In general, it is clear that the woke ideology will, in fact, not became hegemonic. Yes, it is not going to decline and vanish. But what I am saying is that we are past peak woke — the high tide of woke hegemony is behind us. Formidable forces, going all the way up to the White House, have now mobilized to contain the woke counterrevolution. In a sense, the message here is reassuring: the pushback from below has, through the electoral-strategic computations of Democrats, generated forces that will almost surely contain this corrosive elite ideology."
Farooqui backs up his case with some quantitative analysis of the election results:
"Rentiers, not renters, supported AOC-endorsed Wiley. Rentier support was even higher for NYTimes-endorsed Garcia.
Turning to economic class, whether we use median household income, median family income, or median gross rent, we find the same pattern: Garcia and Wiley found support in posh districts; Adams and Yang found support in poorer districts.
As we have seen many times before, and Piketty has shown more recently, education gives a stronger handle on political affinity than income in the United States. The share of the district’s populace with a high school diploma is an excellent proxy for the working class. We find that they threw their weight behind Eric Adams....Adams had unambiguous support from working-class New Yorkers; Garcia was the choice of the highly educated elites....
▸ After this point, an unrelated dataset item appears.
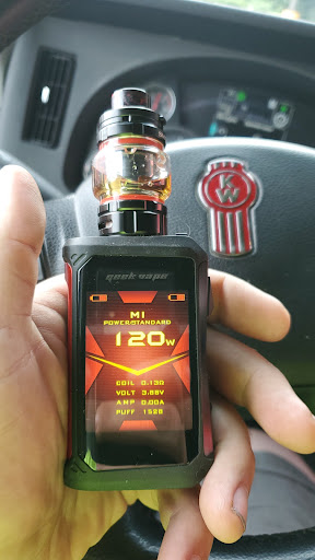 Great lil Vape Shop. It was a calm environment, clean, and the staff was nice. The gentleman I dealt with engaged in the conversation, asked what I was looking for and didn't attempt to pressure sell. They have a wide variety of juices, mods, and even wire and tools for rebuildables. (rare for alot of vape stores) Asked me once about regular vape juice and when I told him that I sell and use my own line, that was the end of questions. I really enjoyed shoppin there for some salts and cotton. I HIGHLY recommend this store, ESPECIALLY to truck drivers. It's conveniently right across the street from the Flying J and if you show your CDL, they even give ya a discount. Highly recommend.

The story that emerges from this analysis is that Adams assembled a powerful coalition of working-class and middle-class New Yorkers to win the election. Meanwhile, Garcia and Wiley split the professional class between them."
Farooqui concludes, perhaps a bit too optimistically:
"The result of the New York mayoral Democratic primary is going to accelerate the process that has been underway since the presidential election. It will provide ammunition to the forces now committed to containing the woke counterrevolution. It will become harder and harder to find a Democrat willing to toe the woke party line. No Democratic politician is going to touch defund with a pole. Prestige-schooled woke education policy wonks seem unlikely to back down. But they will find a great deal of pushback; not just from without (GOP/FOX) but from within the Democratic Party.
The NYC election marks a decisive turning point not just for the woke counterrevolution but also for Democratic politics and the future of the republic. The prospects for an exit from the secular downcycle have improved as risks associated with the woke counterrevolution have receded. Perhaps Powell, Yellen and Biden can pull it off after all. This is excellent news."